All that should be output is the block of lines below from the line with "Agora que todos" to the line with "Η πιστοποίηση στο", both included, exactly as written.

§ **Extracted information**
-----

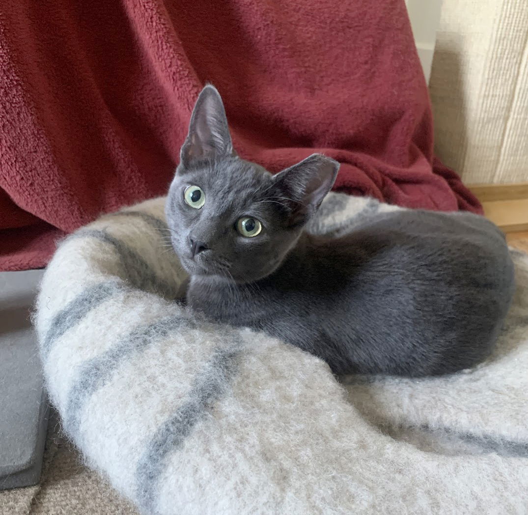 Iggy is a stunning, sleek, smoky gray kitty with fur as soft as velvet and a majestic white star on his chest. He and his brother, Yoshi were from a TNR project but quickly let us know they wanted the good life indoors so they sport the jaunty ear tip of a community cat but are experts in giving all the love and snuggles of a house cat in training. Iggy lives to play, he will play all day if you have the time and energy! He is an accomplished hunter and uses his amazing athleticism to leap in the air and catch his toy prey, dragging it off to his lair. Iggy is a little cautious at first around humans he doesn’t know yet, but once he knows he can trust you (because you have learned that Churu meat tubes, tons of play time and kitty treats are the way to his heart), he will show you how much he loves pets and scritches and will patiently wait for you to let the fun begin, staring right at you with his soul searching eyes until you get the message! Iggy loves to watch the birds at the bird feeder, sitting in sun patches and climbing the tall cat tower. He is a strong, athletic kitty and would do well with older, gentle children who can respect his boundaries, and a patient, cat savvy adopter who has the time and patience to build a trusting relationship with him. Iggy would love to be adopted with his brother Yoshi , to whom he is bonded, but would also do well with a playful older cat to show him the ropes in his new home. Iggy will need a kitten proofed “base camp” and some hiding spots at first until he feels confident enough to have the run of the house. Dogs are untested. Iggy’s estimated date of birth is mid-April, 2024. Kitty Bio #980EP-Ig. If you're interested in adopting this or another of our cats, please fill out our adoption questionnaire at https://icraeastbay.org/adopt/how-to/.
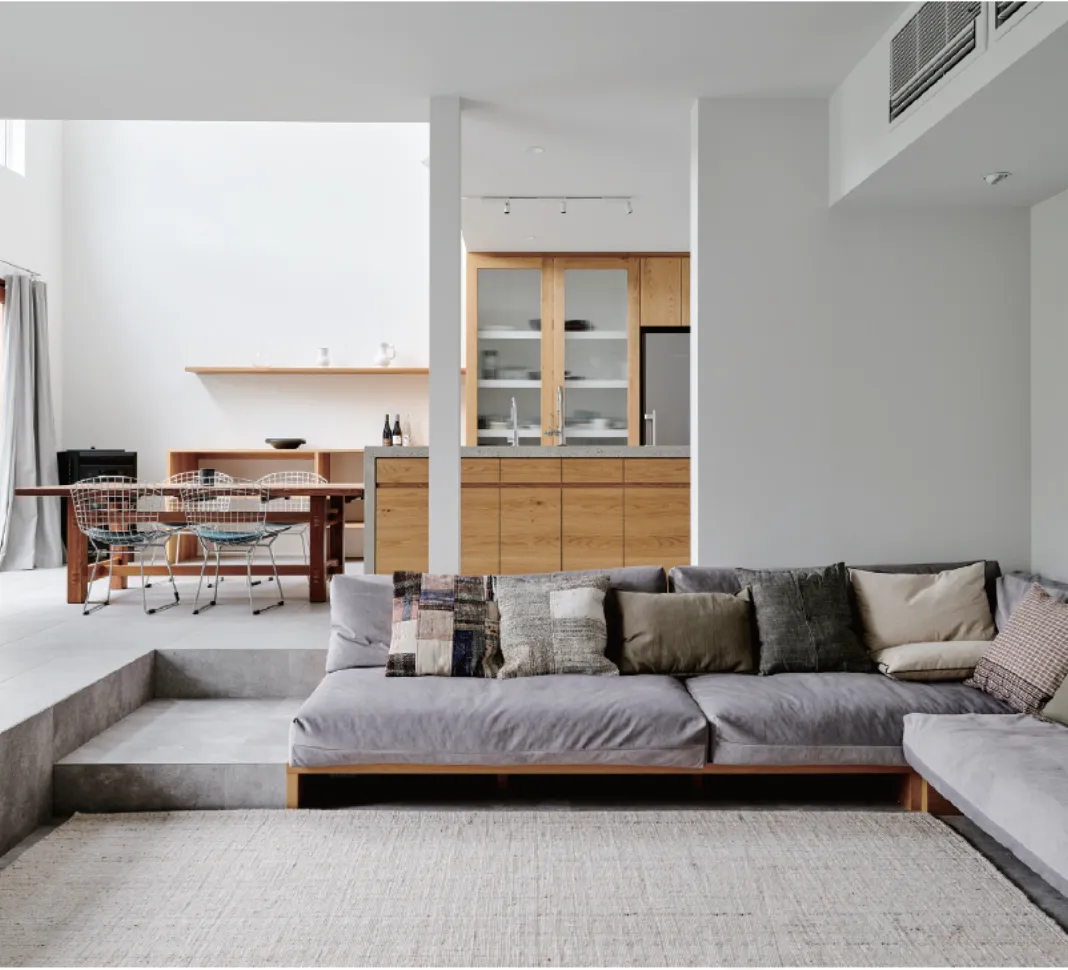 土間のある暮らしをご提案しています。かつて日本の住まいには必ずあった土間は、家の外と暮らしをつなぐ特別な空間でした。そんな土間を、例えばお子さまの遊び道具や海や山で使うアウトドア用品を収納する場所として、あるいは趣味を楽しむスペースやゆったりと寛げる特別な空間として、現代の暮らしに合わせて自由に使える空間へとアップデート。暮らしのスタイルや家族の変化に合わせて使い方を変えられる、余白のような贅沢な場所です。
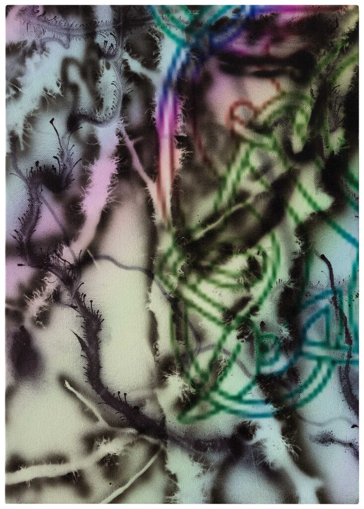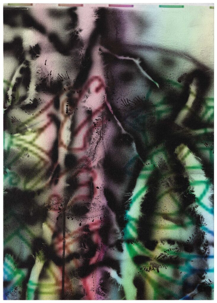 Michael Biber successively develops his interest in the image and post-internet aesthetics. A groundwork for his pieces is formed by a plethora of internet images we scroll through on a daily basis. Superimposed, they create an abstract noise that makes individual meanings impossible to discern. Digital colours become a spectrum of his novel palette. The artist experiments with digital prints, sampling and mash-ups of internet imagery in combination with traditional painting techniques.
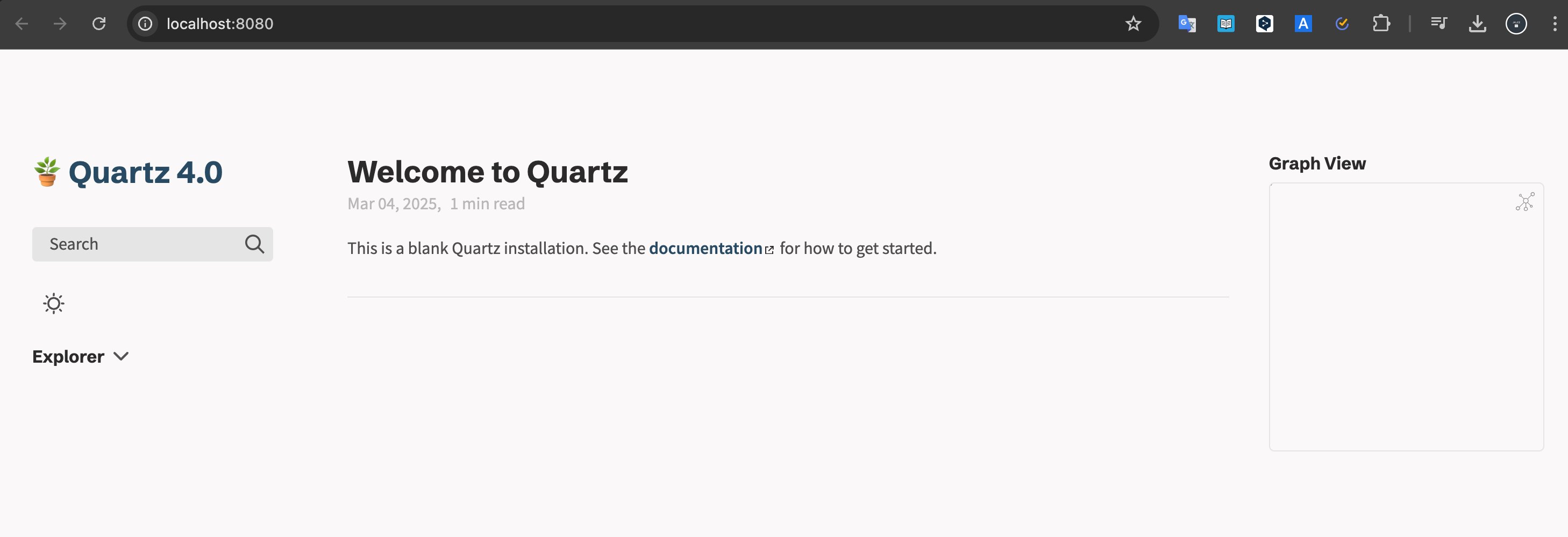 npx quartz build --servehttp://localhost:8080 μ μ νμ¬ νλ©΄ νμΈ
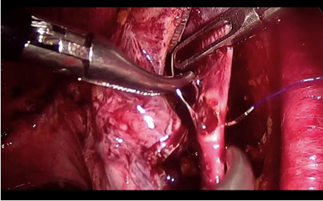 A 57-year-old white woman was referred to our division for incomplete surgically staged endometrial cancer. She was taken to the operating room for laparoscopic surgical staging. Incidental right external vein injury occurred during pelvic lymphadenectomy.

-----

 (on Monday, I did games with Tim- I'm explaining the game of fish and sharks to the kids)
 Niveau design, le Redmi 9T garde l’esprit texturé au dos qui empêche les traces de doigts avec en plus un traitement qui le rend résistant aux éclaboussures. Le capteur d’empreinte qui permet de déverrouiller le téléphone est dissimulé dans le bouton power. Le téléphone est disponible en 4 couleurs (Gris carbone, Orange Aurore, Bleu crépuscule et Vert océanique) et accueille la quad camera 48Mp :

-----

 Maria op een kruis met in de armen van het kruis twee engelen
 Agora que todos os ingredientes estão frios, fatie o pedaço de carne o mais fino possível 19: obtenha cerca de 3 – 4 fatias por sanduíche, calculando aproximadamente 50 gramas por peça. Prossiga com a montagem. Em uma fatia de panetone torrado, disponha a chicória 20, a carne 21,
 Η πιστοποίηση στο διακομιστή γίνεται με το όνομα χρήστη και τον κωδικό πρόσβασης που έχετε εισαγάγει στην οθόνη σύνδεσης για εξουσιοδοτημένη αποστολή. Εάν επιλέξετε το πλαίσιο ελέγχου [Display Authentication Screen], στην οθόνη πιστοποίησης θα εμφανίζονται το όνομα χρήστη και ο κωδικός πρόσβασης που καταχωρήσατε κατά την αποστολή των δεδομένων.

-----

§ **Result**
 Agora que todos os ingredientes estão frios, fatie o pedaço de carne o mais fino possível 19: obtenha cerca de 3 – 4 fatias por sanduíche, calculando aproximadamente 50 gramas por peça. Prossiga com a montagem. Em uma fatia de panetone torrado, disponha a chicória 20, a carne 21,
 Η πιστοποίηση στο διακομιστή γίνεται με το όνομα χρήστη και τον κωδικό πρόσβασης που έχετε εισαγάγει στην οθόνη σύνδεσης για εξουσιοδοτημένη αποστολή. Εάν επιλέξετε το πλαίσιο ελέγχου [Display Authentication Screen], στην οθόνη πιστοποίησης θα εμφανίζονται το όνομα χρήστη και ο κωδικός πρόσβασης που καταχωρήσατε κατά την αποστολή των δεδομένων.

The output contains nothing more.